**Prompt**
In the data below, find the line containing "Gargantilha Menino Cravejado" and the line containing "Juego de recipientes 5 en 1 CategoríasProductos", then reproduce them and every line between, exactly. Omit pictures.
*** Data section
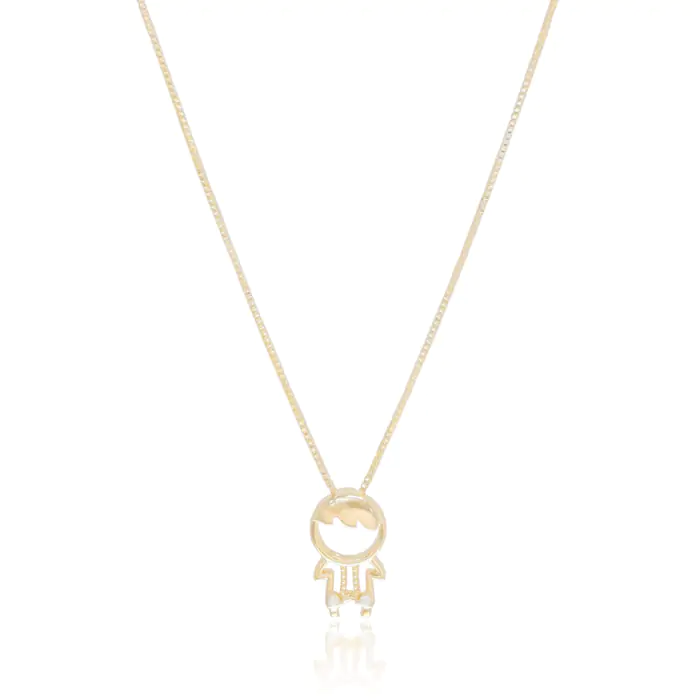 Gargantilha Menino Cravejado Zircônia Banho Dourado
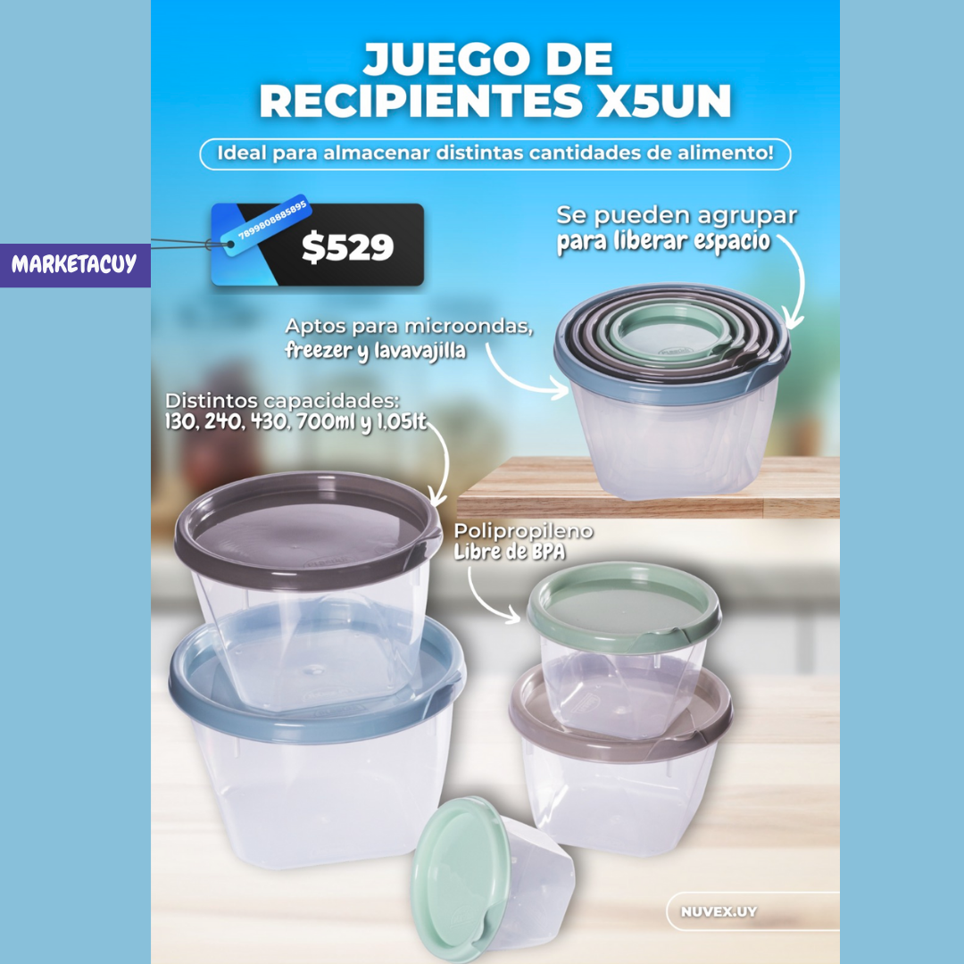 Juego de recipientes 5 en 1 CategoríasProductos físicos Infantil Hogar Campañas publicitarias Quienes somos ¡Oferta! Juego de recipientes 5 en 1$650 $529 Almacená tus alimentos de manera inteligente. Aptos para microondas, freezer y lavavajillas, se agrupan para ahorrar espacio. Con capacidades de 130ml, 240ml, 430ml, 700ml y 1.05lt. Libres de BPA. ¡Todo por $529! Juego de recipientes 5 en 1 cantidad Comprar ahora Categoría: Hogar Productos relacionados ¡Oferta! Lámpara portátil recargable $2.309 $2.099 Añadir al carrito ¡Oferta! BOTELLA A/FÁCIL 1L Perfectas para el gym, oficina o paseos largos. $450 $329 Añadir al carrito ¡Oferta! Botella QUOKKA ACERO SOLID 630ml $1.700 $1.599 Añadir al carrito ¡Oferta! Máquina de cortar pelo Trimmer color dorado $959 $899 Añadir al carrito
******
*** Data section
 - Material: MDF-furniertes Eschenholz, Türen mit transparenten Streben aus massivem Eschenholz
******
**Problem solution**
 Gargantilha Menino Cravejado Zircônia Banho Dourado
 Juego de recipientes 5 en 1 CategoríasProductos físicos Infantil Hogar Campañas publicitarias Quienes somos ¡Oferta! Juego de recipientes 5 en 1$650 $529 Almacená tus alimentos de manera inteligente. Aptos para microondas, freezer y lavavajillas, se agrupan para ahorrar espacio. Con capacidades de 130ml, 240ml, 430ml, 700ml y 1.05lt. Libres de BPA. ¡Todo por $529! Juego de recipientes 5 en 1 cantidad Comprar ahora Categoría: Hogar Productos relacionados ¡Oferta! Lámpara portátil recargable $2.309 $2.099 Añadir al carrito ¡Oferta! BOTELLA A/FÁCIL 1L Perfectas para el gym, oficina o paseos largos. $450 $329 Añadir al carrito ¡Oferta! Botella QUOKKA ACERO SOLID 630ml $1.700 $1.599 Añadir al carrito ¡Oferta! Máquina de cortar pelo Trimmer color dorado $959 $899 Añadir al carrito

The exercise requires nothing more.